Marketing Digital
Drop shipping is a retail model where you sell products you never actually stock
Drop shipping is a retail model where you sell products you never actually stock. When someone buys from your store, you order the item from a supplier, and they ship it straight to the customer. You never touch the inventory. What this guy is showing is a specific flavor of it: product arbitrage. Find something selling well on one platform, source it cheap somewhere else, and pocket the difference.
Here’s how the model actually works. You find a product with proven demand. You source it from a low-cost supplier, usually AliExpress or a similar marketplace. You build a storefront and product page. Then you mark it up and sell it. The ninety-nine cents to twenty-four dollars gap he shows you is real. That spread is the whole business.
The pros. Low upfront cost because you don’t buy inventory until you’ve made a sale. No warehouse, no shipping logistics on your end. You can test products fast and drop the ones that flop.
Now the cons, because this is the part the video skips.

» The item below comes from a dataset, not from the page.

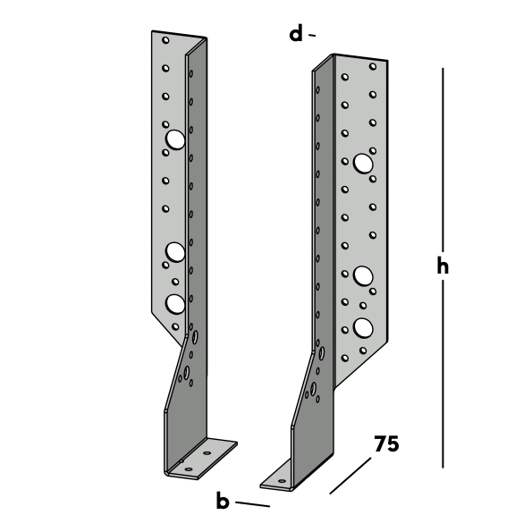 Beam carrier in two parts with side flange, for fixing joists against a wall or against another wooden beam. Because the carrier consists of two parts, it can be used for all kinds of (non-standard) wood sizes.

That price gap is not profit. Out of it comes ad spend, payment processing fees, returns, refunds, and the customer service when a cheap item arrives slow or broken. Shipping times from overseas suppliers are long, and that drives complaints and chargebacks. The market is saturated, so the same “winning product” is being sold by hundreds of other stores at the same time.

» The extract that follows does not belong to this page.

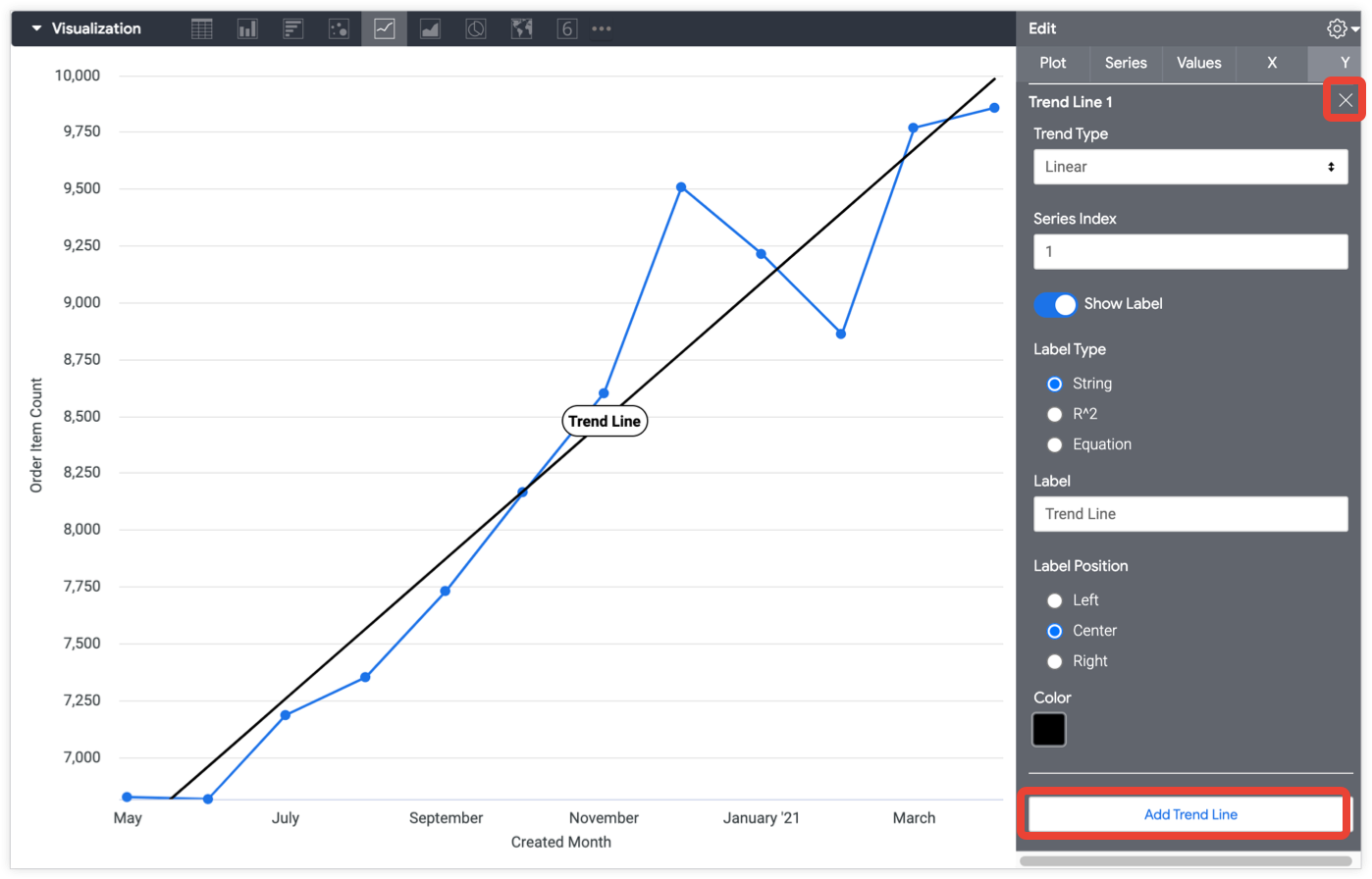 Trend lines show the prevailing direction of the data in a chart. If your chart can support a trend line, you will see the Add Trend Line button in the Y menu options.

And here’s the number that matters: pulling ten thousand a month in net profit would put you in the top fraction of a percent of drop shippers. Most never turn a profit at all.
But here’s the real tell. He walks you through finding a product and building a page, then stops. He never shows you how to drive traffic to that page or how to convert it. That’s not an oversight. Traffic and conversion are the entire game, and they’re the hard, expensive part. The video ends right before the only thing that actually makes or breaks a store.